Task item: Transcribe only the lines of the listing below from the one holding "커피를 각자 한 잔씩 시키고 한라봉 주스도 시켰어요." through the one holding "Description: 1 db", inclusive, without any change.

Exercise material:
━━━━━━━━━━

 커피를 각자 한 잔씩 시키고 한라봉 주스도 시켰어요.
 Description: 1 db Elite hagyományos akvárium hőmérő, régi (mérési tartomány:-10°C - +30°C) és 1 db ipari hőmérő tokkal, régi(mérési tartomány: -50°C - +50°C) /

━━━━━━━━━━

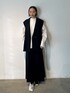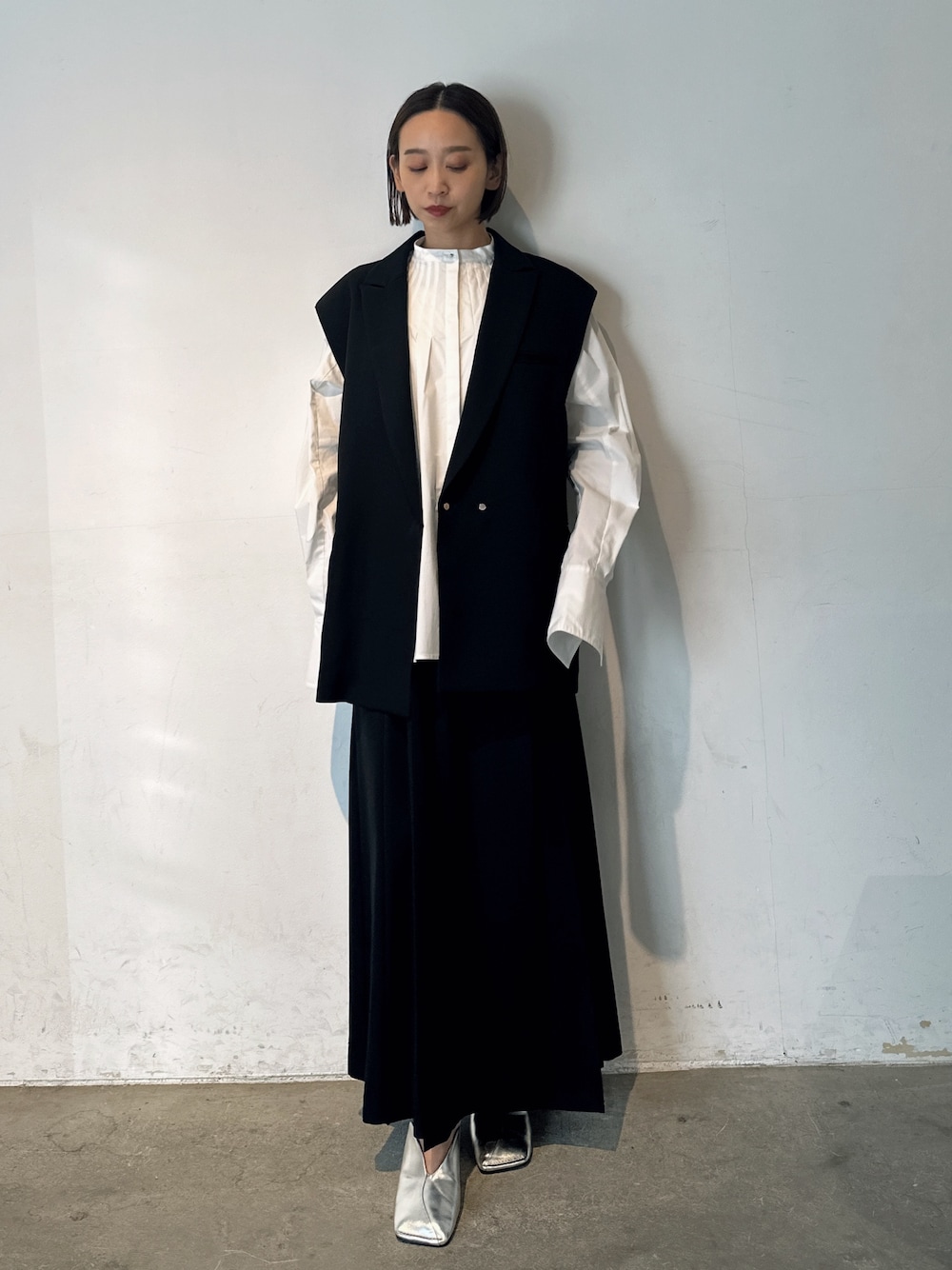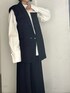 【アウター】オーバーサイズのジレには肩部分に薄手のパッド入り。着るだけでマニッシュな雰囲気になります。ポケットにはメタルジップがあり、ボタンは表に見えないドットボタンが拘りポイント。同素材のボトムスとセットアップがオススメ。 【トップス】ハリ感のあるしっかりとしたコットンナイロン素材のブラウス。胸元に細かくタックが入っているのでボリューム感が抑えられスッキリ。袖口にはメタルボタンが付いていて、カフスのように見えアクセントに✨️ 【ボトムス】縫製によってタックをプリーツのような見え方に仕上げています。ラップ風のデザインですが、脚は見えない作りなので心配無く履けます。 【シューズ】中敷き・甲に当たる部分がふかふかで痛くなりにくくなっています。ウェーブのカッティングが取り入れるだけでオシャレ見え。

━━━━━━━━━━

Expected answer:
 커피를 각자 한 잔씩 시키고 한라봉 주스도 시켰어요.
 Description: 1 db Elite hagyományos akvárium hőmérő, régi (mérési tartomány:-10°C - +30°C) és 1 db ipari hőmérő tokkal, régi(mérési tartomány: -50°C - +50°C) /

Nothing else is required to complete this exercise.